Setting Up the Notion Integration
Connecting Notion to your build process requires several steps. Complete them in order.
Step 1: Create the Integration
- Go to https://www.notion.com/my-integrations
- Click + New integration
- Give it a name (e.g., "Design Tokens Sync")
- Select your workspace
- Under Capabilities, make sure "Read content" is checked
- Click Save
- Copy your Internal Integration Token (the long string starting with
ntn_) - Store this securely, it's your API key for accessing Notion
After creating the integration, you'll see the integration details page where you can copy your Internal Integration Token.
Step 2: Get Your Database ID
You need the actual database ID, not the parent page ID.
- Open your Notion database (the table view)
- Copy the URL from your browser
- It looks like:
https://www.notion.so/abc123def456ghi789jkl?v=xyz&t=123 - The database ID is the part before the
?v=(the long hex string) - Save this ID
Step 3: Connect the Integration to Your Database
This step is critical, skipping it causes "database not found" errors.

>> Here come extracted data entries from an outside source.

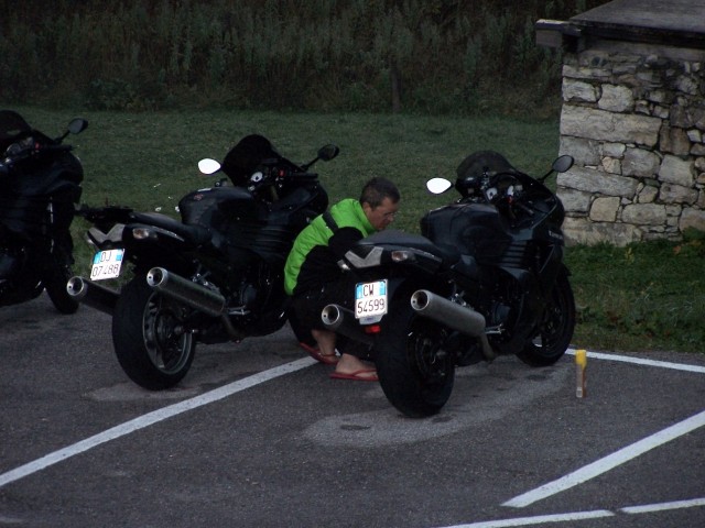 La mattina seguente, dopo i saluti ed aver aiutato Roberto a ricaricare la moto sul furgone, verso il quale ancora mi scuso per il mancato giro di domenica, partiamo per tornare a casa, senza ovviamente farci mancare un'altra dose massiccia di passi che ci conduce fino a Bolzano dove imbocchiamo tutti insieme l'autostrada facendo pausa pranzo all'autogrill . Lasciamo il mitico Stefano al bivio per la A4, il grande Cavillo ci scorta invece fino a Modena, allungando il suo percorso, e noi proseguiamo poi fino a Roma, dove giungiamo in nottata.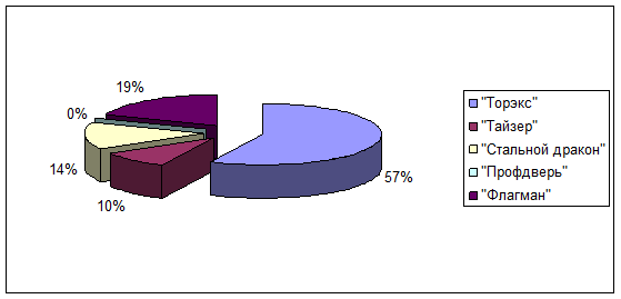 Вывод: В результате анализа сведений, получения путем проведения опроса, получены следующие данные: большинство (57 %) отдают фирме «Торэкс», 19% «Флагман», 14 % «Тайзер», 10 % «Стальной дракон» и 0 % «Профдверь».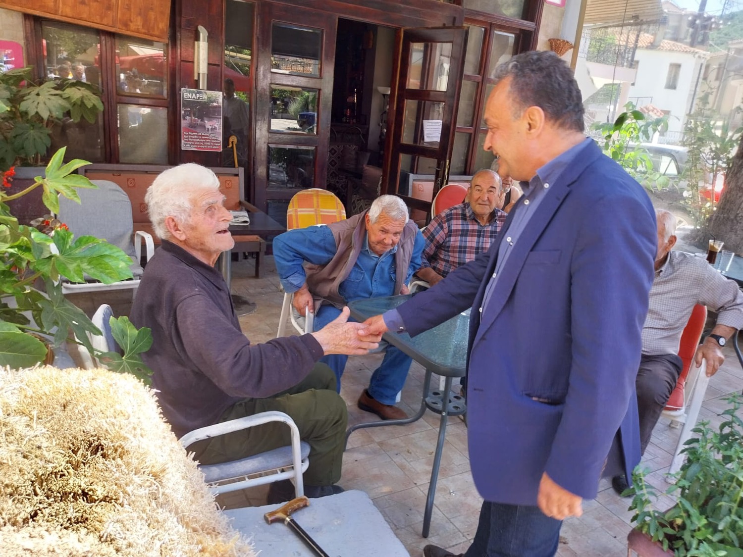 Ακολούθησε επίσκεψη στο εκλογικό περίπτερο της ΝΔ στα Φάρσαλα και κατόπιν συνάντηση με τον δήμαρχο Μάκη Εσκίογλου στο Δημαρχείο και αγροτικούς φορείς.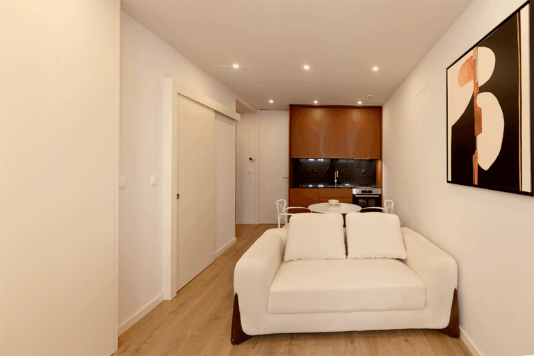Com a sua dimensão acolhedora, este apartamento destaca-se pelo seu design inteligente e pela decoração cuidada, onde cada detalhe foi pensado para criar um ambiente moderno, funcional e cheio de charme. A combinação entre elementos contemporâneos e apontamentos de carácter torna este espaço verdadeiramente único.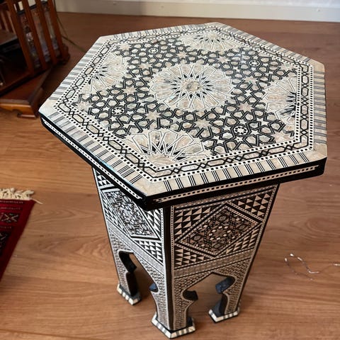 Detta är egyptiskt, marockanskt sidobord i bokträ med pärlemorinläggningar.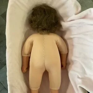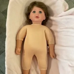 Charming My TWINN Baby doll, an original sculpture by Karen Williams Smith. Striking blue eyes, pink lips and beautiful brows. Dressed in a soft pink outfit with delicate lace details. Perfect for collectors or as a gift. The doll was in an adult collection. All joints works great.
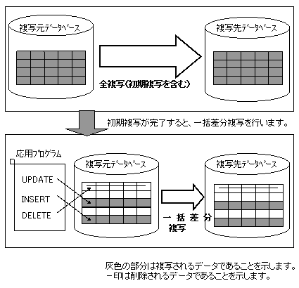全複写は、主に複写先データベースの初期創成のために行います。また、レプリケーションの運用を変更したときなどに、複写先データベースを再創成する目的で行うこともあります。複写先データベースの初期創成のために行う全複写を“初期複写”といいます。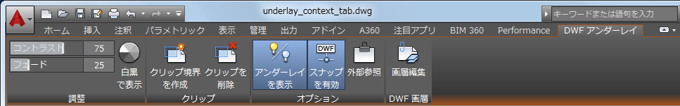 図面内の DWF アンダーレイを選択すると、[DWF アンダーレイ]コンテキスト タブがリボンに表示されます。

- Open your Notion database
- Click the ā¢ā¢ā¢ menu in the top right corner
- Scroll to Connections
- Click + Add connections (or Confirm access if shown)
- Select your integration name
- Confirm access
From the menu, select + Add connections to grant your integration access to this specific database.
The integration now has permission to read from that database. Without this, the API will reject all requests with a 404 error.
Step 4: Set Up Your Development Environment
Now that your Notion integration is configured, let's set up your local development environment.
First, install the required npm packages:
npm install @notionhq/client style-dictionary dotenv nodemonCreate a .env file in your project root with your Notion credentials:
NOTION_TOKEN=ntn_your_long_token_here
NOTION_DATABASE_ID=abc123def456ghi789jklMake sure your package.json has "type": "module" so you can use ES modules:
{
"type": "module",
"name": "design-tokens",
"version": "1.0.0",
...
}That's it! You're ready to sync.
Fetching Tokens from Notion
Create a file called fetch-tokens.js that pulls approved tokens from Notion and generates a JSON file for Style Dictionary.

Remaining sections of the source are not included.